Hi Peter,
Please help review these minor perf/x86 changes in this patch set,
and we need some of them to support Guest Architectural LBR in KVM.
This version keeps reserve_lbr_buffers() as is because the LBR xsave
buffer is a per-CPU buffer, not a per-event buffer. We only need to
allocate the buffer once when initializing the first event.

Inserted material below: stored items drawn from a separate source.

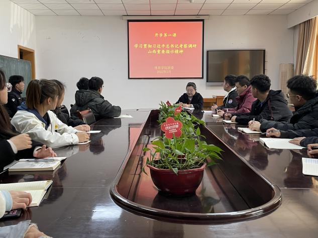 在第一次的学院例会上,公司党委书记向全体教职工传达了习近平总书记重要指示精神,教育引导全体教师深刻领悟“两个确立”的决定性意义,深入学习习近平总书记“我将无我、不负人民”的精神境界。通过学习,老师们纷纷表示,通过学习习近平总书记考察调研山西重要指示精神,深切感受到习近平总书记实事求是、求真务实的工作作风以及党的创新理论的真理力量和实践力量,作为高校教职员工,深受鼓励。习近平总书记的重要指示为山西进一步指明了高质量发展的前进方向、坚定了发展信心、增添了强大动力,老师们今后将更加以饱满的热情投入到工作中去,为建设山西、发展山西贡献自己的力量。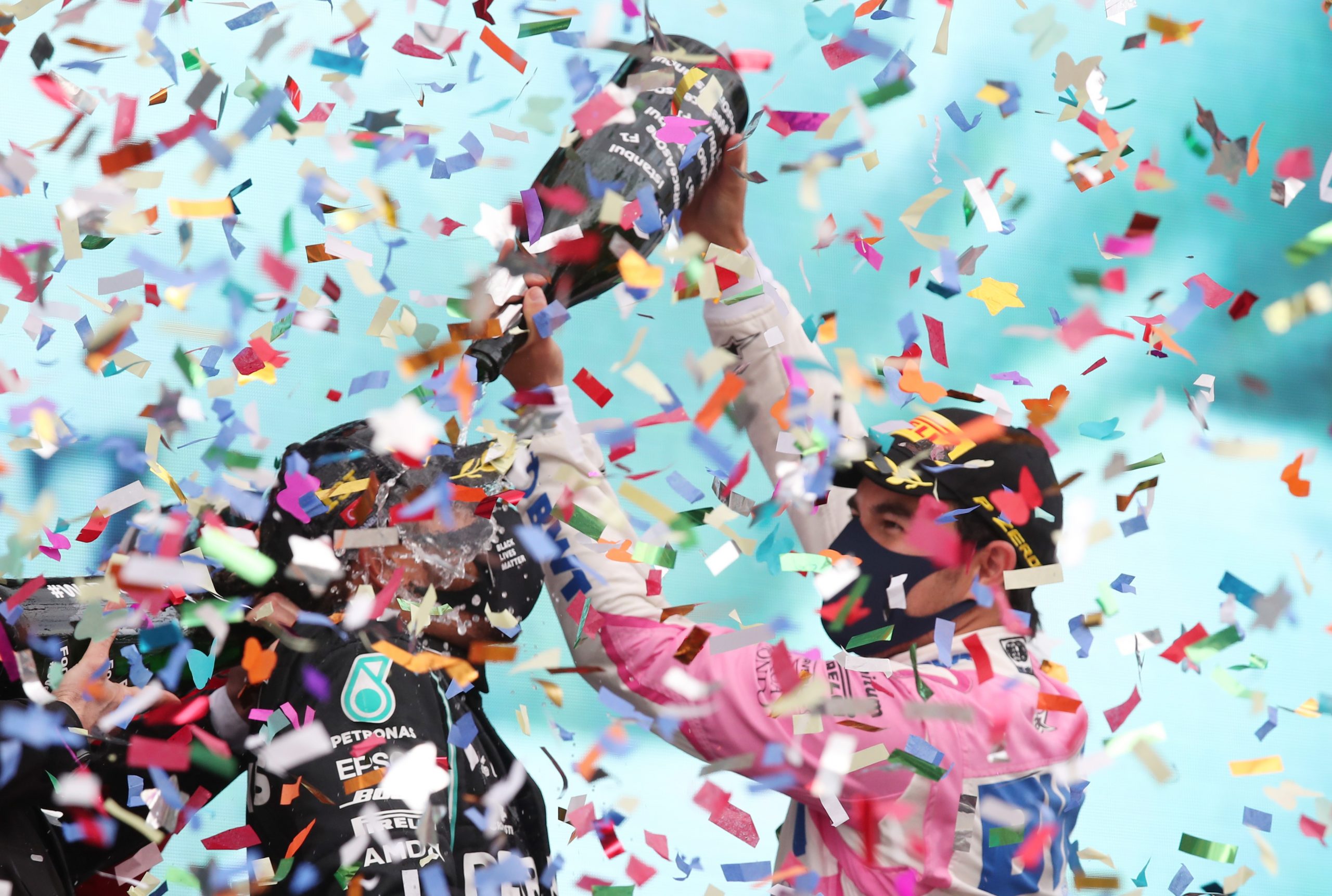 Poco después del final de la carrera, Hamilton fue felicitado por Pérez -que no tiene un asiento asegurado en la grilla para 2021-, y Sebastian Vettel, quien completó el podio con su Ferrari en una carrera llena de cambios de liderato.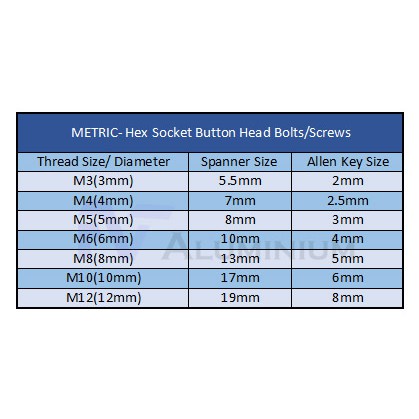 Socket Head Cap Screw Wrench Sizes

If you are interested in the KVM emulation, please check
https://lore.kernel.org/kvm/[email protected]/
Please check more details in each commit and feel free to comment.
Previous:
https://lore.kernel.org/lkml/[email protected]/
v4->v5 Changelog:
- Add "Tested-by: Kan Liang"
- Make the commit message simpler
- Make check_msr() to ignore msr==0
- Use kmem_cache_alloc_node() [Namhyung]
Like Xu (5):
perf/x86/intel: Fix the comment about guest LBR support on KVM
perf/x86/lbr: Simplify the exposure check for the LBR_INFO registers
perf/x86: Skip checking MSR for MSR 0x000
perf/x86/lbr: Move cpuc->lbr_xsave allocation out of sleeping region
perf/x86: Move ARCH_LBR_CTL_MASK definition to include/asm/msr-index.h
arch/x86/events/core.c | 8 +++++---
arch/x86/events/intel/bts.c | 2 +-
arch/x86/events/intel/core.c | 7 +++----
arch/x86/events/intel/lbr.c | 29 ++++++++++++++++++-----------
arch/x86/events/perf_event.h | 8 +++++++-
arch/x86/include/asm/msr-index.h | 1 +
6 files changed, 35 insertions(+), 20 deletions(-)
--
2.29.2
Starting from v5.12, KVM reports guest LBR and extra_regs support
when the host has relevant support. Just delete this part of the
comment and fix a typo incidentally.
Signed-off-by: Like Xu <[email protected]>
Reviewed-by: Kan Liang <[email protected]>
Reviewed-by: Andi Kleen <[email protected]>
---
arch/x86/events/intel/core.c | 3 +--
1 file changed, 1 insertion(+), 2 deletions(-)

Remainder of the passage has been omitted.